Security
traxr runs your agent against deliberately corrupted copies of your
data. Read this before running an agent that has real tools. (This page
mirrors SECURITY.md
in the repository.)
Perturbed data is an injection-adjacent vector
traxr's operators corrupt content rather than inject instructions, but corrupted content can still drive an LLM agent with side-effectful tools (shell, email, payments, file writes) into pathological actions, and traxr cannot sandbox your agent.
- Run experiments with side-effectful tools disabled, or inside a container/VM.
Experiment.run(dry_run=True)enumerates every run before any agent executes.- The built-in reference agent's
python_toolruns model-written code in a subprocess with a timeout, and can be disabled (enable_python_tool=False); a container is still recommended for untrusted data.
Traces are sensitive data at rest
Trace payloads carry hashes only by default
(store_llm_content=False). Opting in stores raw prompts, completions, and
tool arguments. Documented carve-out: raw final-answer strings are always
stored, since scoring and answer_changed need them. keep_artifacts=True
preserves perturbed copies of your input files.
Credentials
Tier 0 capture wraps the OpenAI SDK above HTTP: it never sees, stores,
or logs Authorization headers or API keys.

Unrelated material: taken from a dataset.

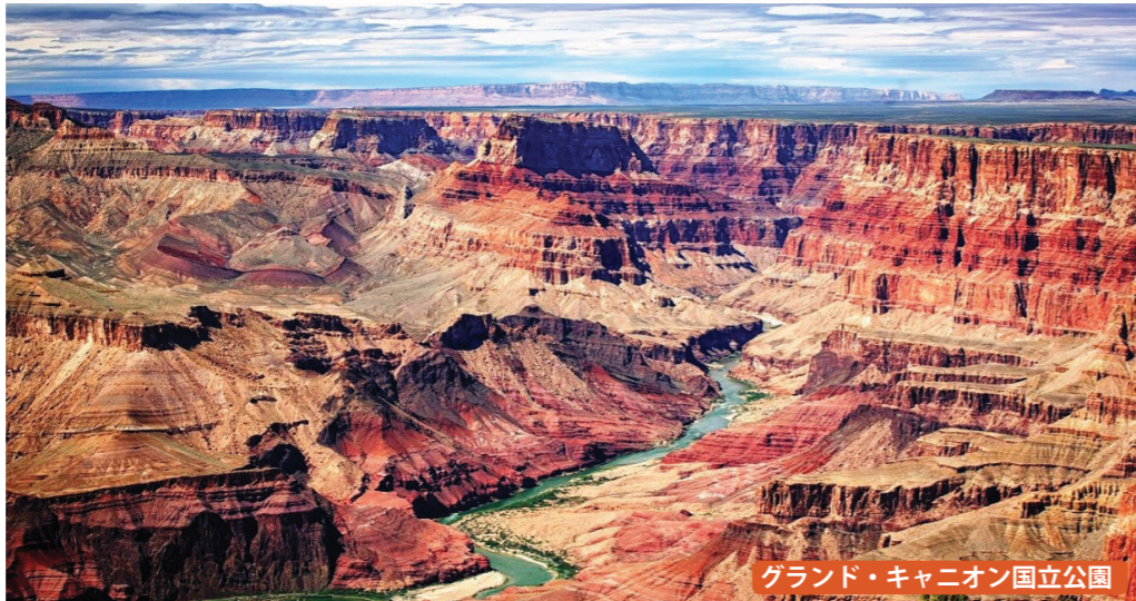
グランド・キャニオン国立公園

Cost containment, honestly
traxr cannot bound an external agent's spend. What v1 gives you:
ExperimentConfig(max_llm_calls_per_run=...)(default 50, external agents), enforced inside the Tier 0 wrapper:RunBudgetExceededis raised before the over-budget call goes out. Set it toNoneto disable the cap.OpenAICompatibleClient(max_retries=...)(default 2, the OpenAI SDK default) bounds the built-in agent's transient-failure retries;0disables them.- Live token totals per run, from captured usage.
dry_run=True: the full plan with zero LLM calls.- Built-in agent only:
max_steps/max_tokenshard caps.
From the CLI: traxr run ... --max-llm-calls 20 --max-retries 0.
An agent making raw HTTP calls bypasses even the budget. Use a key with a spending limit.